Data provided —

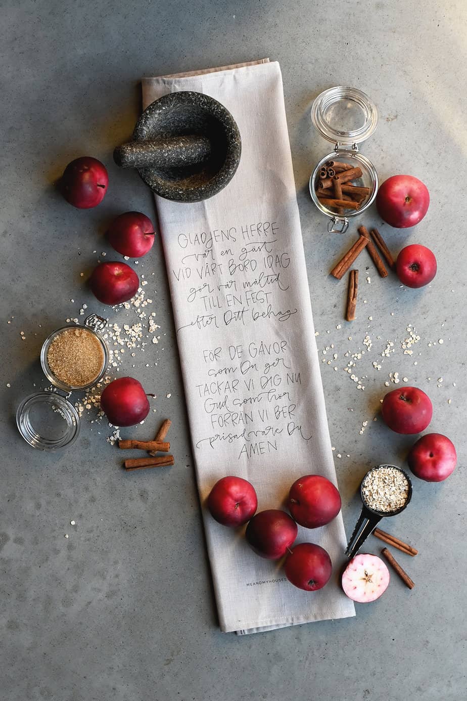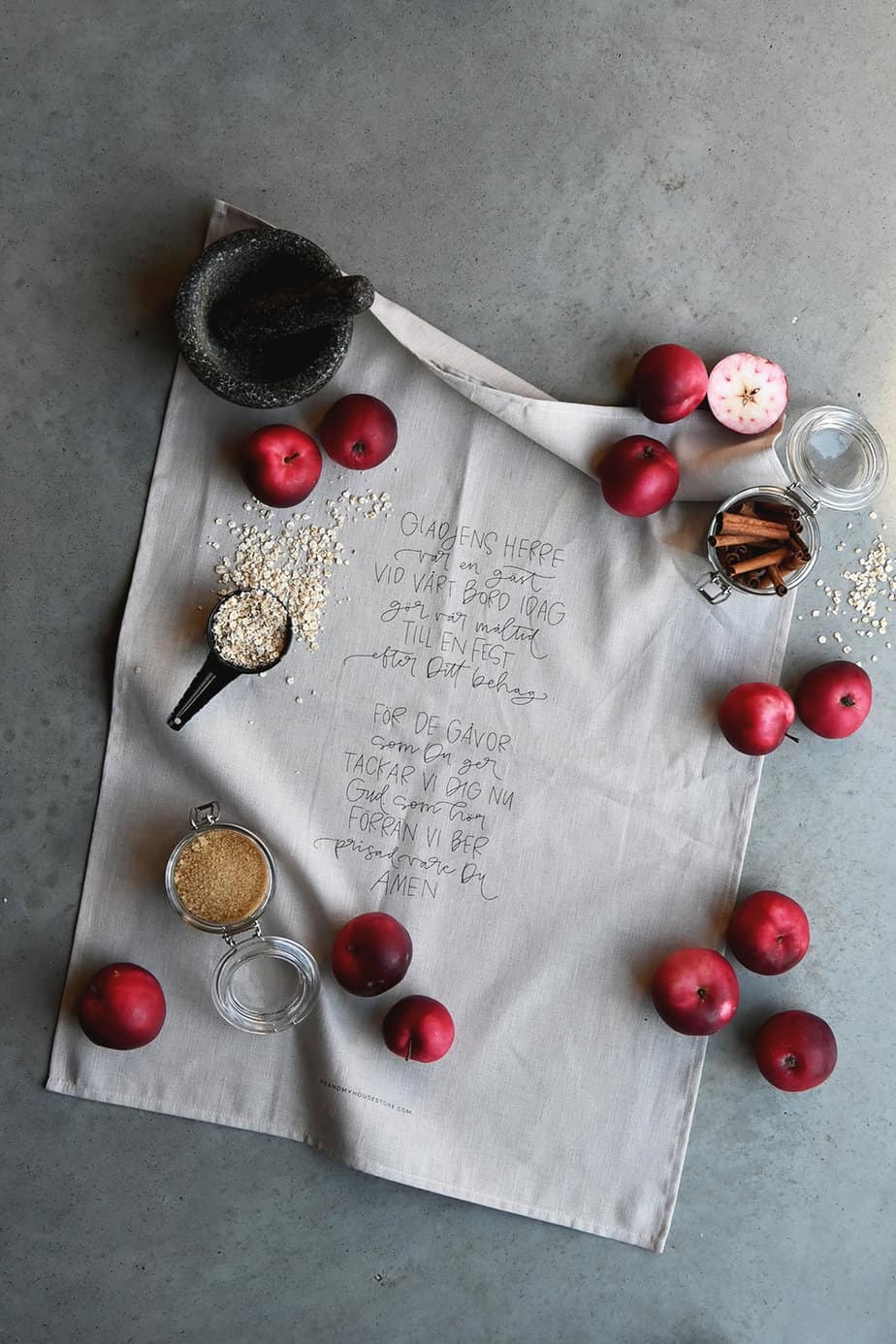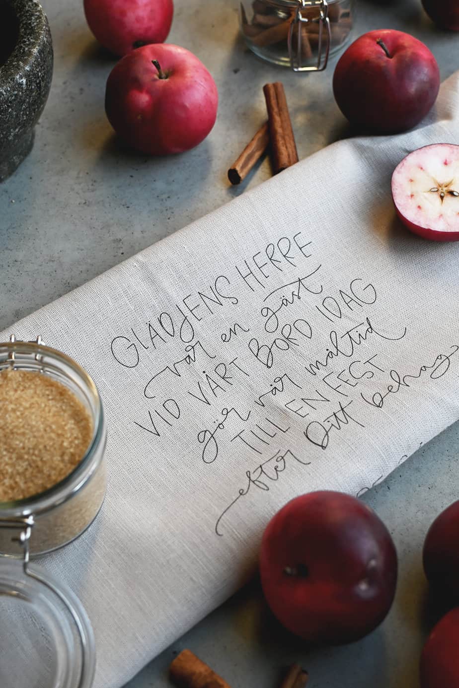 Kökshandduken är 50x70 cm stor, sydd i Lettland och tryckt i Sverige. Tvättas i 40 grader. Stryk från baksidan.
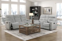 Your comfort is at hand in the design of the Lyndon Collection. The single reclining mechanism of the glider chair is engaged with a pull of the side-mounted tab. Gray chenille fabric upholstery covers the plush, subtle modern framing, furthering your comfort, and serving as a neutral palette for your living room décor.
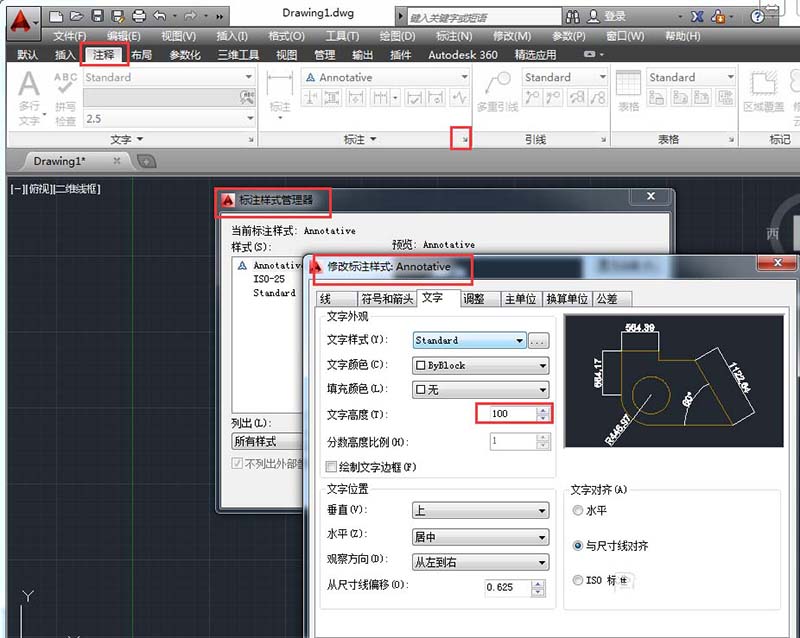 8、如果设置完成后看不见标注文字,请通过【标注样式管理器】对当前样式进行【文字高度】的修改。
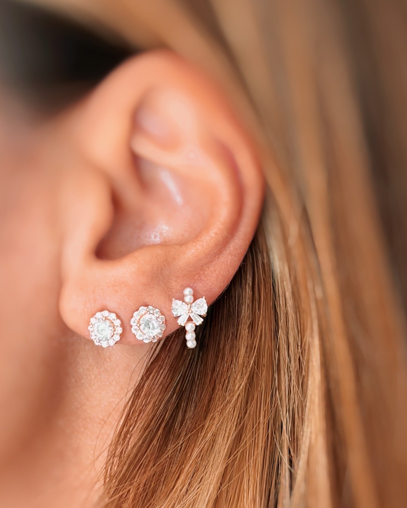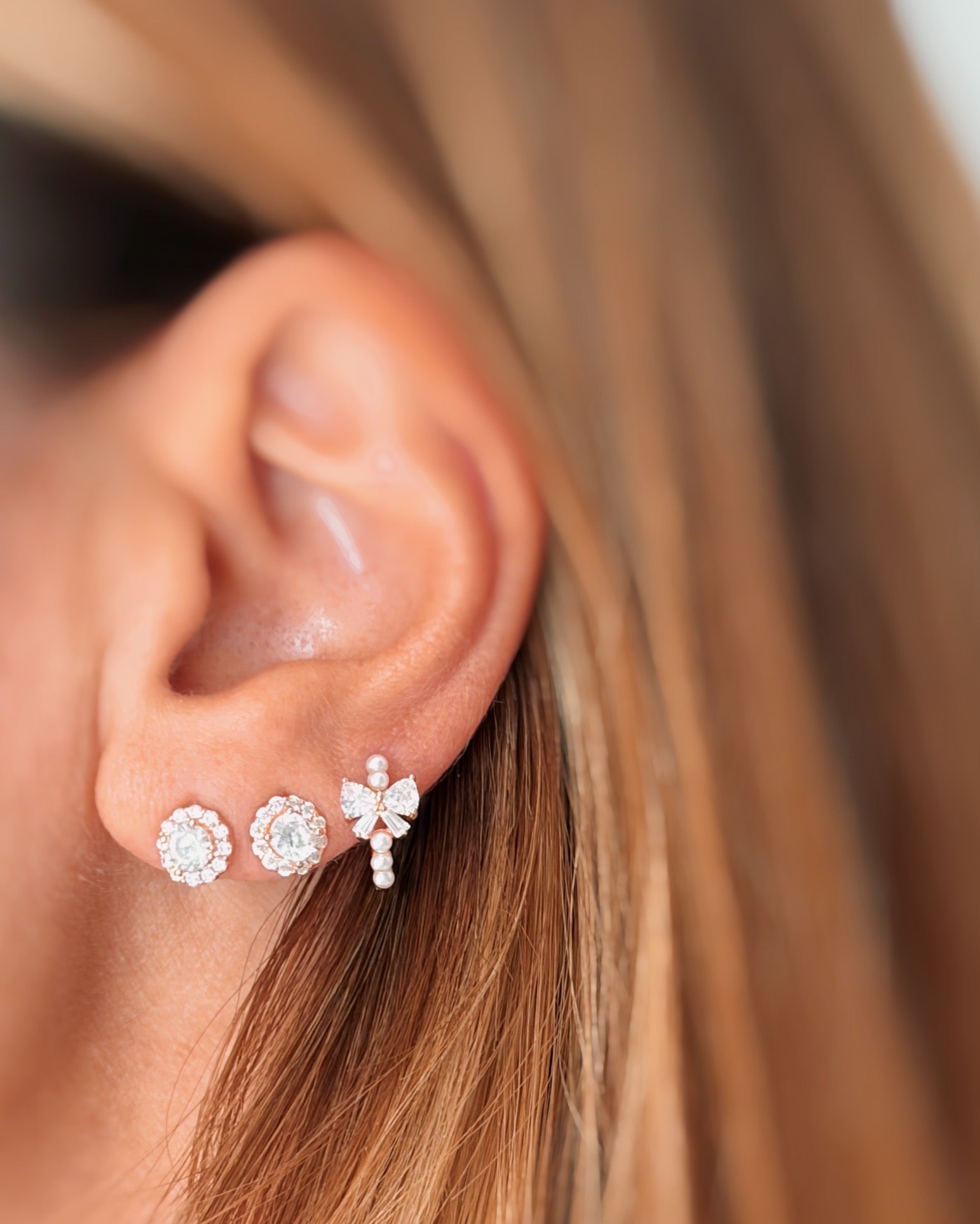 Coppia di cerchietti in argento 925 con fiocchetto zirconato e fila di perle con galvanica in oro rosa

What you are asked to do — A verbatim copy of the listing, with all pictures removed, is required.

Solved exercise —
 Kökshandduken är 50x70 cm stor, sydd i Lettland och tryckt i Sverige. Tvättas i 40 grader. Stryk från baksidan.
 Your comfort is at hand in the design of the Lyndon Collection. The single reclining mechanism of the glider chair is engaged with a pull of the side-mounted tab. Gray chenille fabric upholstery covers the plush, subtle modern framing, furthering your comfort, and serving as a neutral palette for your living room décor.
 8、如果设置完成后看不见标注文字,请通过【标注样式管理器】对当前样式进行【文字高度】的修改。
 Coppia di cerchietti in argento 925 con fiocchetto zirconato e fila di perle con galvanica in oro rosa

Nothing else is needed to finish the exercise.